Вместе с волей раздаётся громогласный удар церковного колокола. Чонгук пошатывается назад, хватаясь за виски. — Что это?! — Прикрикивает он, так реагируя на резкий звон в ушах.

Ужин начинается.

Семейство должно непременно собраться внизу и быть готовым к трапезе. После первого колокола Чонгук вместе с братом поднимается с постели.

Не бойся.

— Кто это? — Продолжает парень, вновь и вновь обращаясь к пустоте впереди. Леса зашипели в унисон смердящему голосу, раздающемуся из неоткуда и так яростно запевающемуся усладой испуганного мальчишки. Голос велит продолжать движение в неизвестном потоке тянущего запаха, усиленные чувства которых, превращённые многократно, пытаются вести его, как будто сон появляется и входит в твоё сознание под баюкающую мелодию. Сейчас мелодия ровная и спокойная, старается подарить умиротворение покинутой душе, теперь застрявшейся в холодном теле безжизненных надежд. Он не чувствует жары или опасного замерзшего в темноте ветра, только чуждый голос в собственной голове и его приказы. На лице покой, как никогда раньше появившийся на нём. Чонгук радуется ему и факту жизни, которая теперь ждёт его безмолвного повиновения.

Ты боишься?

— Так не должно быть. Дальше дорога, освещённая мраком, через который видно каждую мелочь и тварь божью. Тьма изголодалась по свету, но смотрит на Чона теперь равнодушно, даже подначивает и придаёт новые силы.
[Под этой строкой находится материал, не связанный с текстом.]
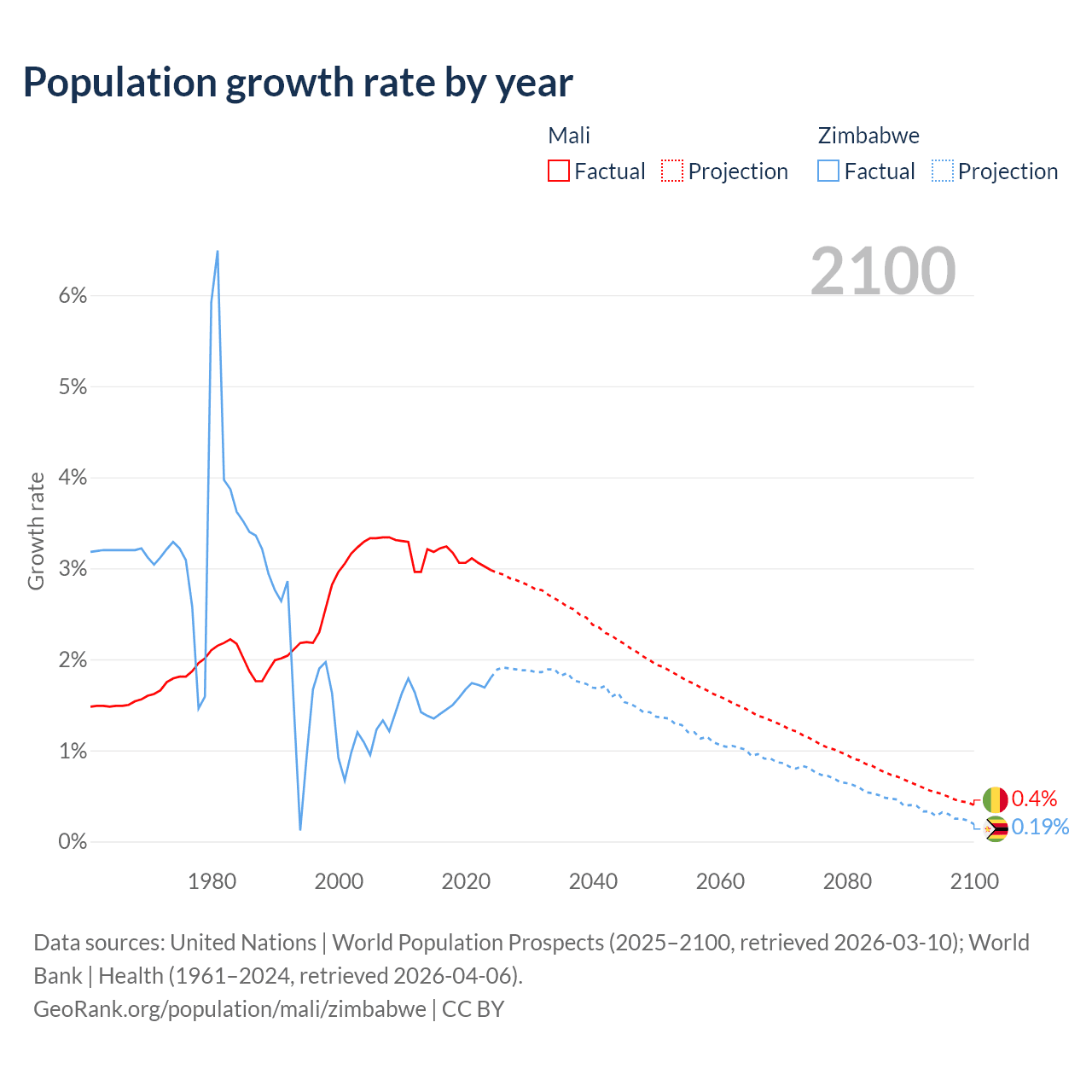 - For the last 10 years, Mali has had an average growth rate of +3.12% per year vs +1.57% in Zimbabwe.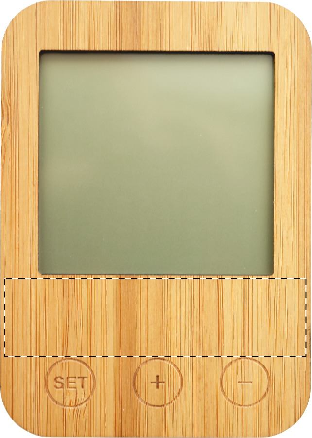 Orologio digitale in bambù e stazione meteo con display temperatura ed umidità. Funziona con 2 batterie AAA non fornite.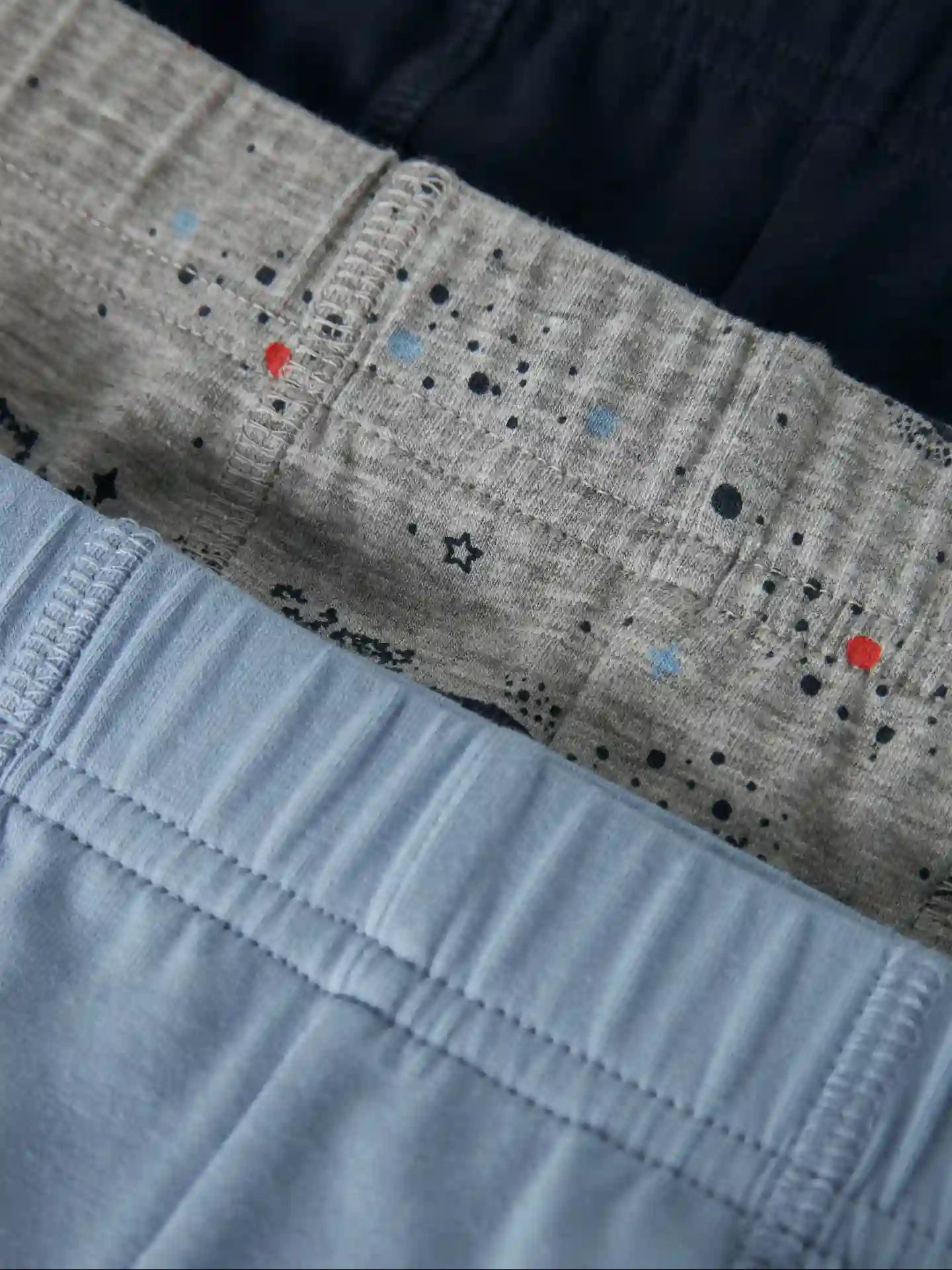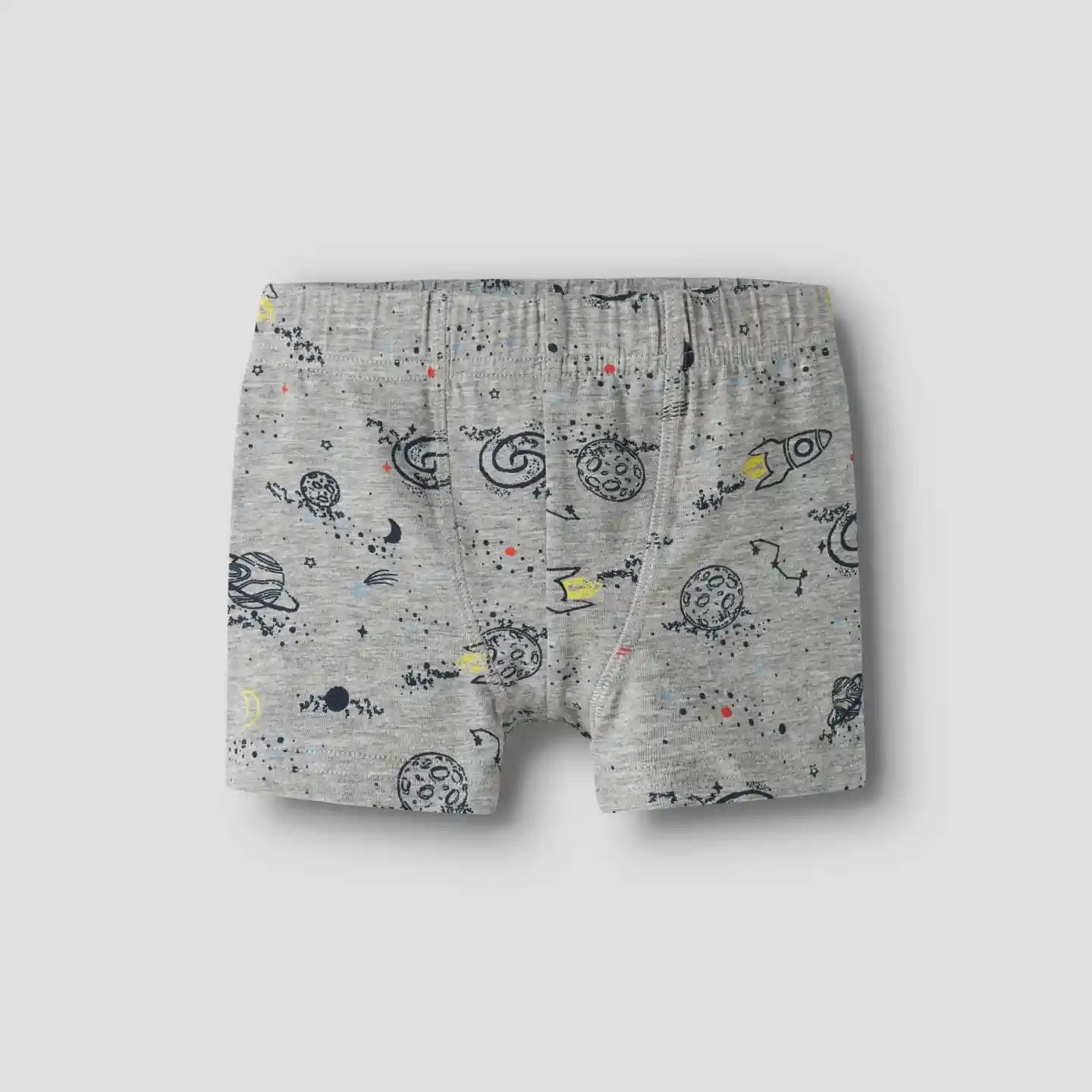 Pakken indeholder et par Name It underbukser i ensfarvet, støvet blå, ensfarvet mørkeblå og en i meleret grå med print af rum-tema med rumraket, planeter og stjerner.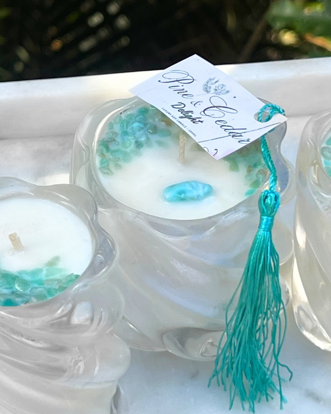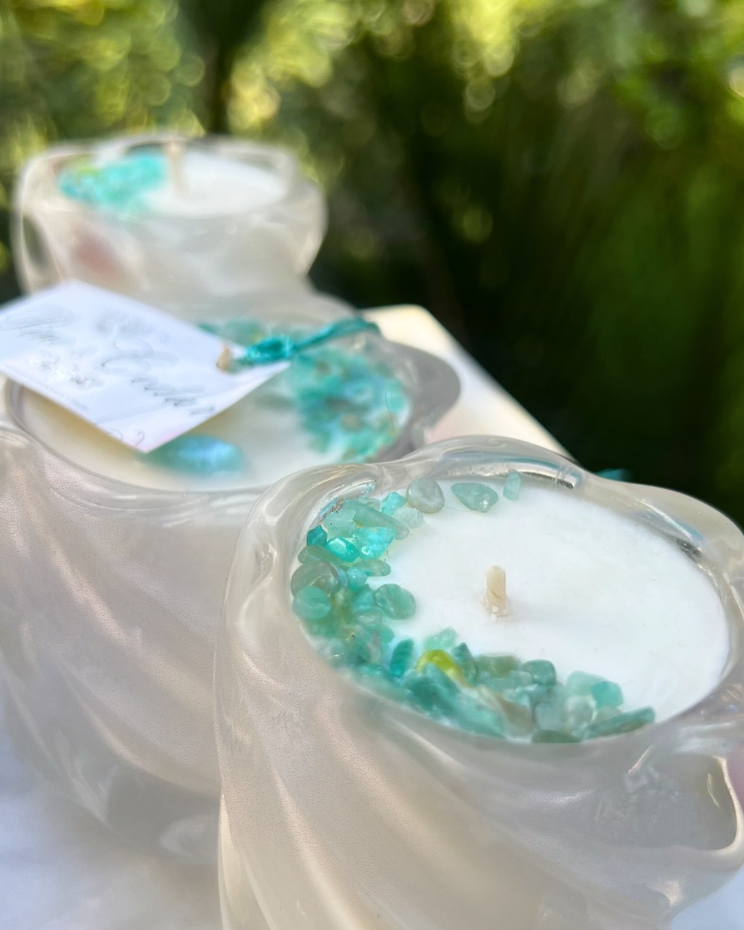 This unique candle is thoughtfully adorned with beautiful turquoise crystal pieces, known for their calming and protective properties. Turquoise has long been associated with peace, balance, and spiritual grounding, adding a meaningful touch to your space while enhancing your moments of self-care.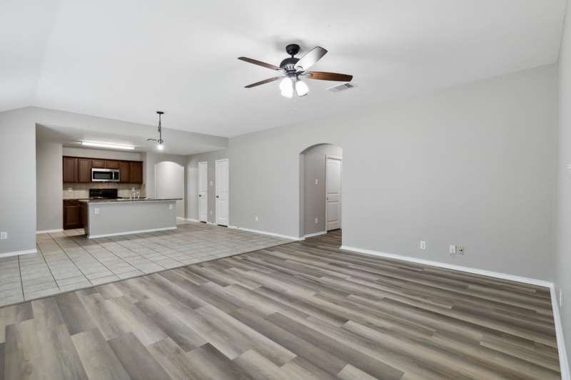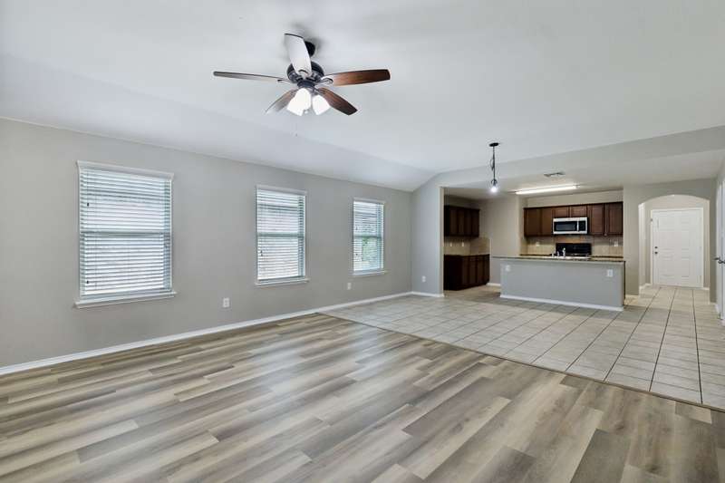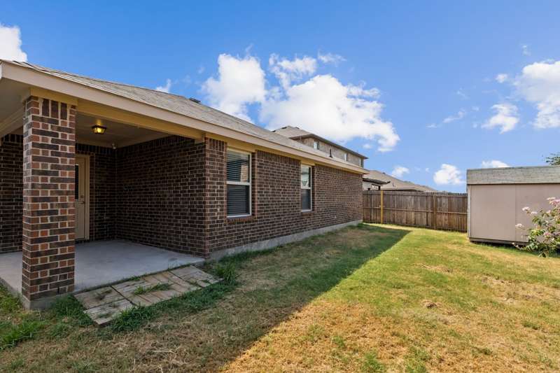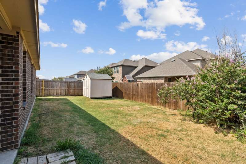 BUYER INCENTIVE: $6,000 towards buyer closing costs! Welcome to this charming 4-bedroom, single-story home in the desirable Travis Ranch community! Freshly updated with new luxury vinyl plank flooring and a full interior paint refresh, this home is stylish, low-maintenance, and ready for you to make it your own. The open-concept layout is perfect for everyday living and entertaining, with a spacious living area, dining space, and kitchen that flow seamlessly together. The kitchen features granite countertops, ample cabinet space, a pantry, and an island with seatingideal for casual meals or entertaining guests. The private primary suite is tucked away at the back of the home and offers a generous vanity area, walk-in shower, linen storage, and a large walk-in closet. Additional highlights include a dedicated laundry room with shelving and space for a full-size washer and dryer, which also functions as a convenient mudroom entry from the 2-car garage. The garage features coated flooring and built-in storage for added functionality. Step outside to a fully fenced backyard with a covered patioperfect for outdoor relaxationand a storage shed for your lawn tools or seasonal dcor. Enjoy all that Travis Ranch has to offer, including an on-site elementary school, resort-style pool, splash pad, playground, walking trails, basketball court, and dog park. Dont miss your chance to own this beautifully updated home in a vibrant, amenity-rich community!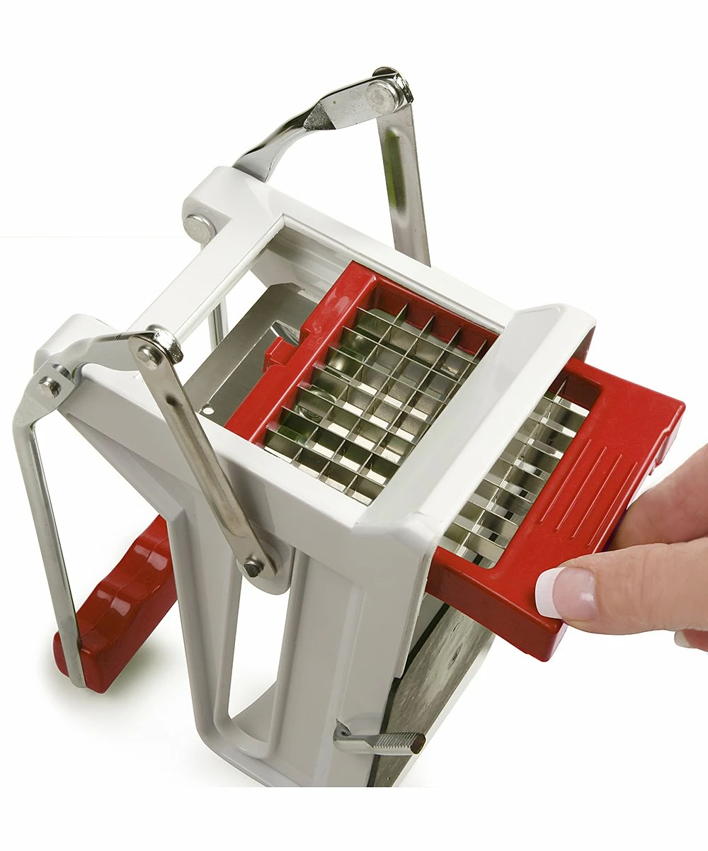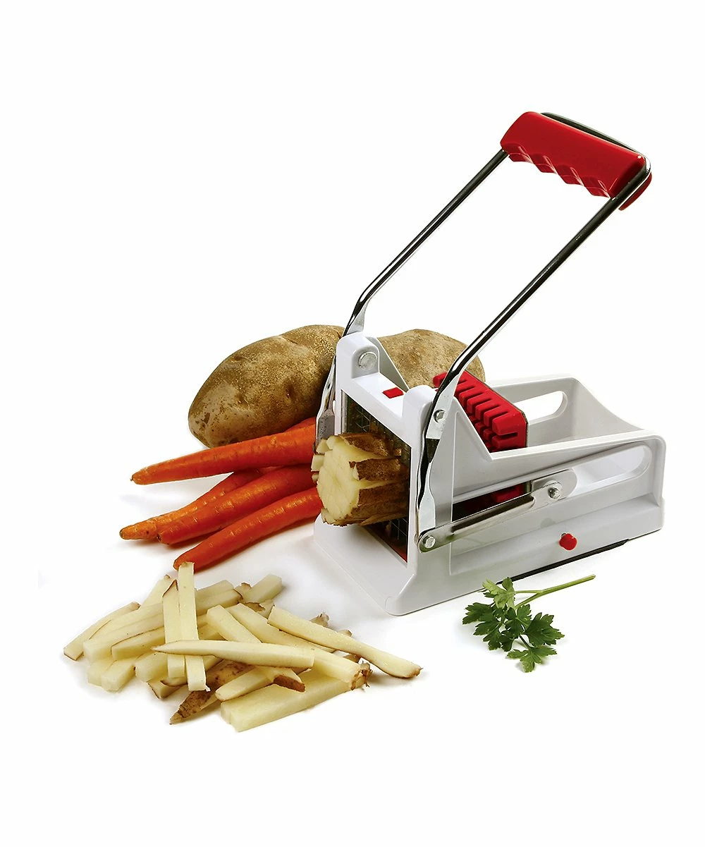 Cut and slice potatoes into uniform strips for baking or frying to create delicious french fries just like the kind found in restaurants. This handy tool boasts two cutting sections, and two pusher plates that can be used with a variety of vegetables.

Она — его мать, ведущая к месту спасения.

Чего ты боишься?

— Я не знаю. — Отвечает Чонгук.

Не бойся смерти.

— Я мёртв. Мёртвые не думают. Мёртвые не ходят по земле. Они глубоко под ней лежат в могиле. Это ненормально. Луна обжигает глаза, обращённые к ней. Чон касается лица, оглаживая и расслабленно выдыхая, находя на нём прежние шрамы. Один он ощущает, перекладывая пальцы от внутреннего уголка правого глаза, но никак не может нащупать его край, как натыкается на второй шрам, грубо растянутый по всей поверхности скулы. Родные останки. — Что мне делать?!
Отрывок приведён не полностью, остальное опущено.